LIVING OUT LOUD

So last week…or some weeks ago, I went for karaoke. I sucked. Big time. Now, I’m a church singer…soprano…able to sing on f-sharp without making you feel like a Concorde is taking off by your ear. But something about karaoke, maybe it’s the key or the feeling of people just waiting for you to screw up so that they can laugh at you…something about karaoke sha turns my melodious soprano into a wailing, whining nasal sound that is just really…not it.

But I sang anyway. Because I’m really working on this living out loud thing…living life to the fullest and taking advantage of every moment…not being afraid to make a fool of myself and all.

You see, I hate public attention. Hate being looked at by a crowd, hate looking or sounding foolish. So I rarely do anything without calculating its resultant effect…which means I miss out on doing a lot of the silly stuff that makes up life’s best minutes. I avoid crowd situations, places where my errors are out there in the public face…where I can’t quietly fix them without notice.
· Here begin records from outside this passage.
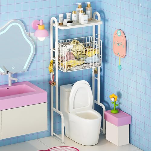 Over the Toilet Shelf White with Laundry Basket Top Storage Raised Guardrail Bathroom Storage Organizer, Thickened Carbon Steel Easy to Access Stable and Load-bearing(60 * 29.5 * 166cm)
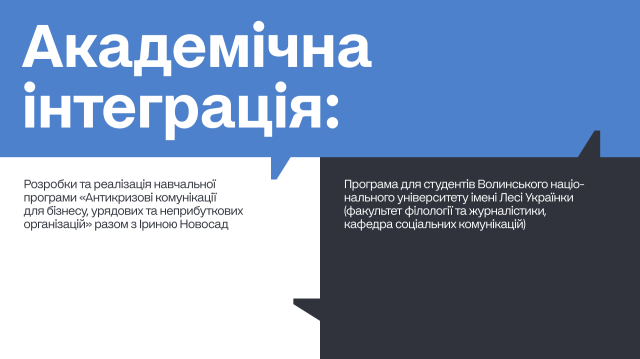 - Університет інтегрував практичний підхід у формальну освіту. Після написання програми курсу з антикризових комунікацій запросив викладачок Ірину Новосад і Людмилу Яворську розробляти інші навчальні модулі. Це створило модель оновлення формальної освіти через партнерства.
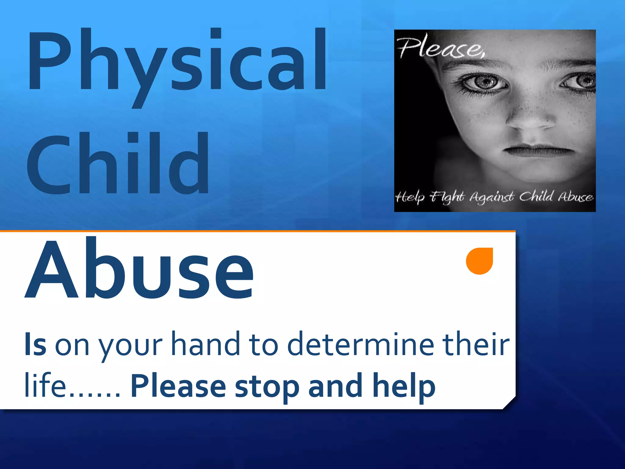 The document discusses physical child abuse, including signs and symptoms, behavioral signs, effects, and causes. Physical abuse can cause bruises, fractures, burns, and death. Abused children may be aggressive, fearful, or struggle in school. Effects include physical injuries, emotional issues like depression, and social problems forming relationships. Causes include lack of support, parenting skills, untreated mental illness, domestic violence, and substance abuse.
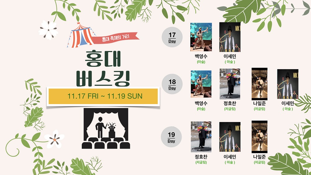11월 19일 : 이세민(마술), 정효찬(저글링), 나일준(저글링)
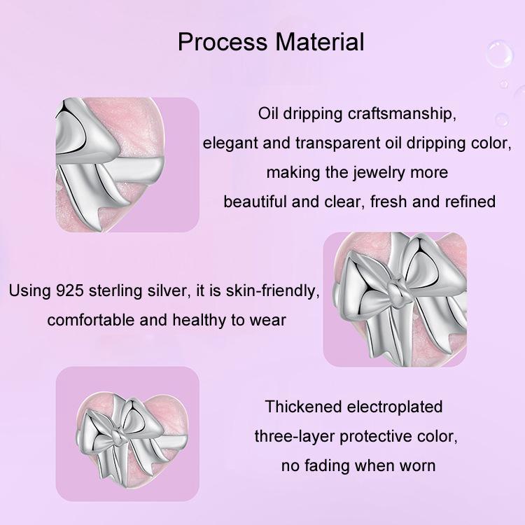 925 Sterling Silver Platinum Heart Bow Beads Gift Box
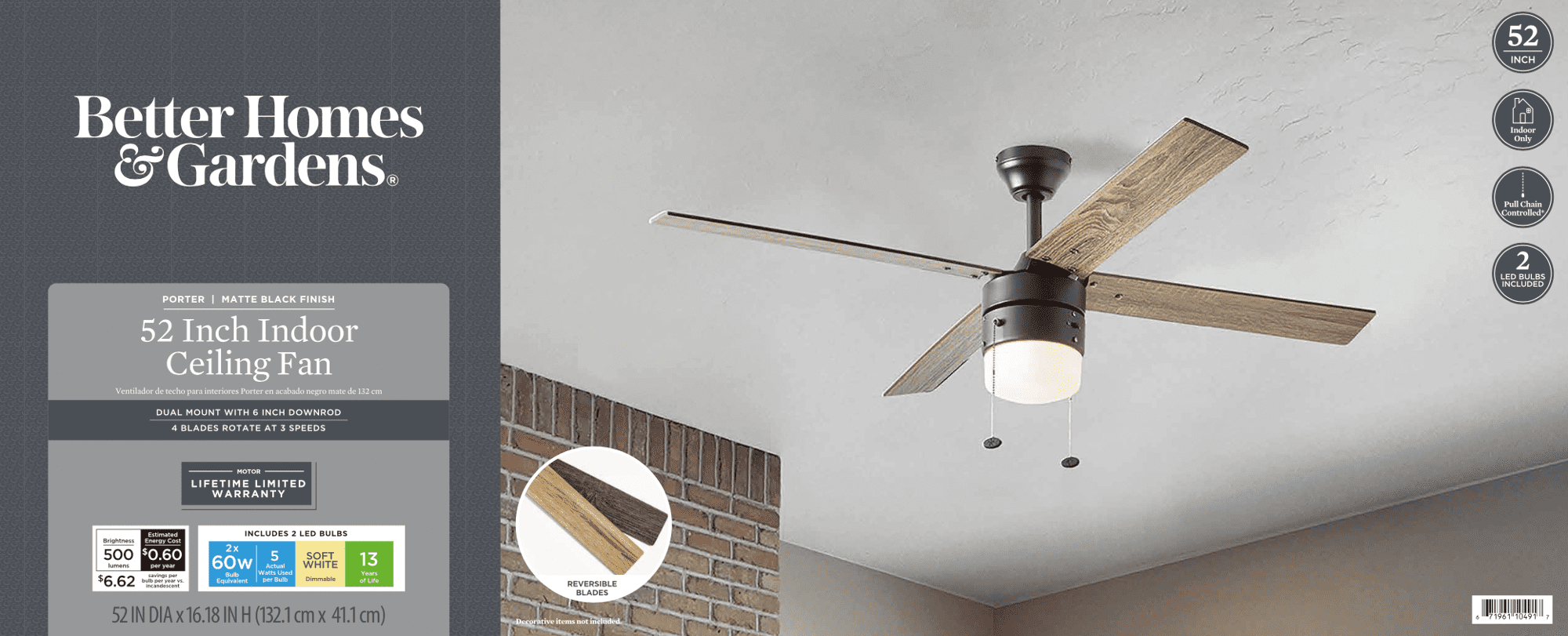 Better Homes & Gardens 52″ Modern Black Indoor Ceiling Fan with Light, Pull Chain Control & Reverse Airflow
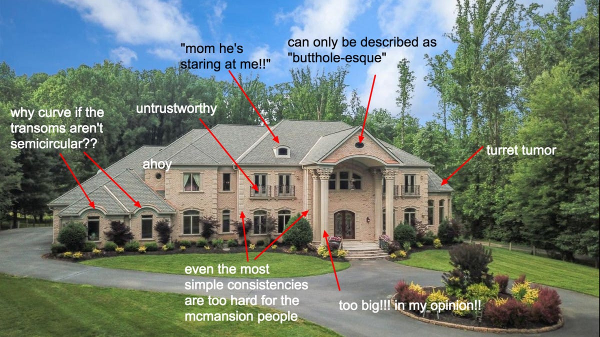 There's certainly no shortage of entertainment on McMansion Hell, which Wagner dedicates to skewering the most garish structures of suburbia. Though there's no textbook definition of a McMansion, Wagner listed the hallmarks of these houses "everyone loves to hate" both on her blog and in a 2017 TedTalk. Picture an oversized (typically more than 3,000 square feet) multilevel home designed in a mishmash of styles (maybe a Tudor-style roof over a Colonial porch) and with a complete disregard for such basic architectural principles as balance or rhythm. Superficial features like decorative columns, an overly-elaborate entry and a randomly placed turret are meant to show the occupant's wealth, but they can't hide the home's shoddy and mass-produced construction.
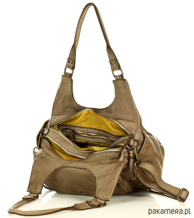 Dopełnieniem całości jest wykonanie z wysokiej jakości skóry naturalnej licowej. Jest to skóra bydlęca o gładkiej powierzchni. Charakterystyczna dla tego typu skóry jest duża wytrzymałość na obciążenie. Torebka jest ręcznie szyta, a następnie W CAŁOŚCI farbowana. Dzięki procesom postarzania, uszlachetniania i zmiękczania skóry jest miękka i aksamitna w dotyku. Barwniki użyte do farbowania skóry to wyłącznie barwniki roślinne, nieuczulające i całkiem bezpieczne.
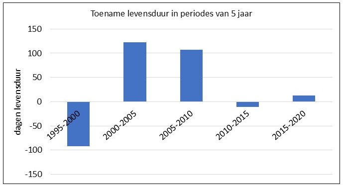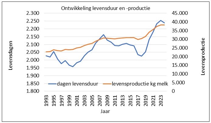 We hebben ook de ontwikkeling in levensduur geactualiseerd. Wat is er in die 12 jaar bereikt? Er is aardig wat kennis en inzicht bijgekomen en uitgewisseld. En in die 12 jaar is de afvoerleeftijd met 137 dagen verlengd en de productieve levensduur met 173 dagen (bron CRV). De productieve levensduur is in verhouding meer toegenomen dan de levensduur bij afvoer omdat de opfokperiode en de droogstand korter zijn geworden en in dezelfde levensduur zitten dus meer melkdagen. Als we de trendlijn in deze periode zouden toepassen vanaf 1995, dan zou de levensduur een stuk langer zijn geworden. Er is dus geen sprake van een constante ontwikkeling in de levensduur. Die zien we wel bij de levensproductie. De levensproductie is sinds 1995 met 63% toegenomen, en zouden we die vertalen naar de levensduur vanaf 1995, dan zou die ongeveer 700 dagen toegenomen zijn. Als je het verloop van de levensduur indeelt in blokken van 5 jaar, dan zie je dat de levensduurwinst per periode heel sterk kan verschillen: van -92 tot +123 dagen levensduur. Een verschil van meer dan 200 dagen. Kennelijk is de ontwikkeling sterk afhankelijk van iets anders. Aan de stierkeuze kan het niet liggen en ook niet aan de omstandigheden waaronder de koeien worden gehouden want die veranderen niet zo snel. Bovendien zijn die de afgelopen decennia op veel bedrijven flink verbeterd. Maar waar ligt het dan wel aan?
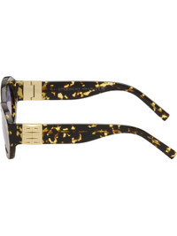 Round tortoiseshell bio acetate-frame sunglasses. · Gradient blue lenses · 100% UVA/UVB protection, category 2 · Integrated nose pads · Logo hardware at temples · Exposed core wires · Gold-tone hardware · Includes pouch · Size: 52.22 130 Supplier color: Coloured havana Acetate. Made in Italy 252278F005020
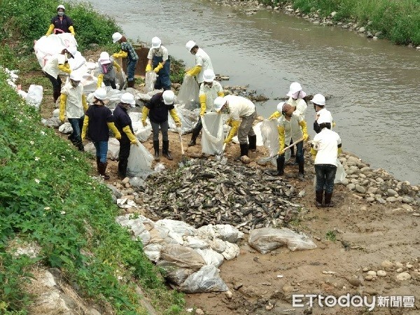 ▲並將魚屍集中清運,暫時疏解沿岸居民連日飽受惡臭空氣。(圖/丘姓民眾提供)
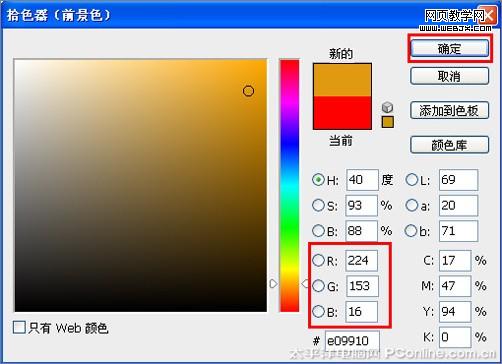4、選擇工具箱前景色,然后彈出拾色器,設置拾色器rgb分別為224、153、16,然后單擊確定按鈕,如圖6所示。

Anyway, now that I’ve decided to start living out loud, I’ve decided that I will take every opportunity offered…do everything I can…at the least, it would be a fun memory…at the most, I might experience one of those moments that totally change your life.
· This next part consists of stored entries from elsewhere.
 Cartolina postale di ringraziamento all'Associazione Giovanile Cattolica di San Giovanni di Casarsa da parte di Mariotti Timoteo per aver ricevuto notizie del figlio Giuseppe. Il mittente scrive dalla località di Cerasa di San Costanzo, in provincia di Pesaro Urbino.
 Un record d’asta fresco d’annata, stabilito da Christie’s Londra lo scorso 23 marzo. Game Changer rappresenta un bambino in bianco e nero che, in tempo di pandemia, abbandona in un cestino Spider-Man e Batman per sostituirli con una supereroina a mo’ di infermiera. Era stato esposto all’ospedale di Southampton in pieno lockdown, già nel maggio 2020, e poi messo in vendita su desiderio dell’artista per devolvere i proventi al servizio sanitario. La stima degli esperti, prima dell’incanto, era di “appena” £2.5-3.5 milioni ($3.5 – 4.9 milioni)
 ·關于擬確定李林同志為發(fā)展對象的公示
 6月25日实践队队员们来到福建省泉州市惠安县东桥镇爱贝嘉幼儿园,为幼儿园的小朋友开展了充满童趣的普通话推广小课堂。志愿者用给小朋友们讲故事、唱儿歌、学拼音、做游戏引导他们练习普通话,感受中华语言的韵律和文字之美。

Which was why I went for the Finix Open floor Uncensored event last night. I planned to just go and listen to Treadstone and chill, but when I mentioned it to a friend of mine, she warned me to better read something or I would be in trouble with her…I think there was even mention of grievous bodily harm. So I did. I stood up in front of a crowd and for the first time in my life I read my stuff in front of a crowd. And I didn’t suck. People clapped, came up to say well done…and…it was awesome.

And that is what living out loud for me is. Taking the chances, creating the shading that makes life more colourful, the moments that you will look back on with a smile. I want to live out loud in love and work and life. So many of us are hesitant, we’re reluctant to let go and enjoy the moments, because…what if they end, what if something goes wrong? We want it to be perfect, or we don’t have time, or it’s not what we usually do. Well, if something does go wrong, at least you’ll have the memory of the awesome time you had, and that will make it all right….or better at least.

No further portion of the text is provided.